Let $(R,\mathfrak{p})$ be a local integral domain, $K=Quot(R)$ its field of quotients and $k:=R/\mathfrak{p}$ is residue field. Assume for simplicity that $R$ is integrally closed in $K$. It is well known that there exists valuation rings $R\subseteq\mathcal{O}\subseteq K$ that dominate $R$, i.e. $\mathfrak{P}:=J(\mathcal{O})$ satisfies $\mathfrak{P}\cap R=\mathfrak{p}$. Therefore $k \to \mathcal{O}/\mathfrak{P}$ is a field extension.
My question is simply this:
What field extensions of $k$ can occur this way? How small can it be? Does there exist a $\mathcal{O}$ with $\mathcal{O}/\mathfrak{P} = k$ ?

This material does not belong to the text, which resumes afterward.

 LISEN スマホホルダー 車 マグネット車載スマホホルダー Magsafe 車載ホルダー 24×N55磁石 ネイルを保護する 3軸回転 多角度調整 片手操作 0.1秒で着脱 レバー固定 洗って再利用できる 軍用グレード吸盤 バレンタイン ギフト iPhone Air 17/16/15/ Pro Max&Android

The usual proof of existence constructs $\mathcal{O}$ via Zorn's lemma as a maximal element in a set of rings with certain properties. Thus $\mathcal{O}/\mathfrak{P}$ is probably quite large if $\mathcal{O}$ is constructed in this way.

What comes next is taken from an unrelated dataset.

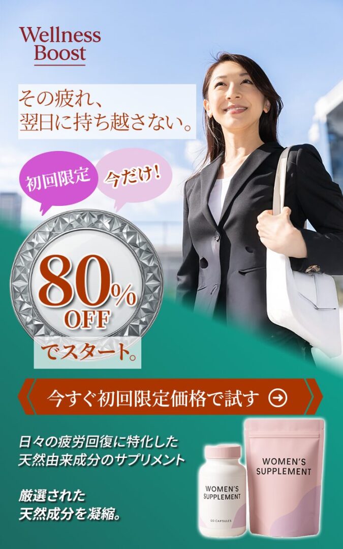 概要日々の疲労回復に特化した、天然由来成分の高級サプリメントの定期購入を促すバナー。初回限定割引を強く訴求する。

On the other hand, there are reasonable conditions one could impose in order for small valuation rings to exist. For example for Dedekind rings, every localisation is already a DVR so that the usual rings in algebraic number theory work fine. So there can also be very small $\mathcal{O}$ in certain circumstances. Also the set of all valuation rings between $R$ and $K$ is closed under intersections of chains so that there also exist minimal valuation rings $\mathcal{O}_0$ with $R\cap J(\mathcal{O}_0)=\mathfrak{p}$ by Zorn's lemma. However there does not seem to be any easy way to determine $\mathcal{O}_0/J(\mathcal{O}_0)$.

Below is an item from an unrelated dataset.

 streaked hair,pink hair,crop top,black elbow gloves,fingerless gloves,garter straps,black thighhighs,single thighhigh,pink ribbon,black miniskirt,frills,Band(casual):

EDIT: I have found out that the usual existence proof of valuation rings can be modified to show that there exists at least one valuation ring such that $k\to \mathcal{O}/\mathfrak{P}$ is algebraic. There does not seem to be any way to make the degree or any other structural property of the extension $k\to \mathcal{O}/\mathfrak{P}$ visible though.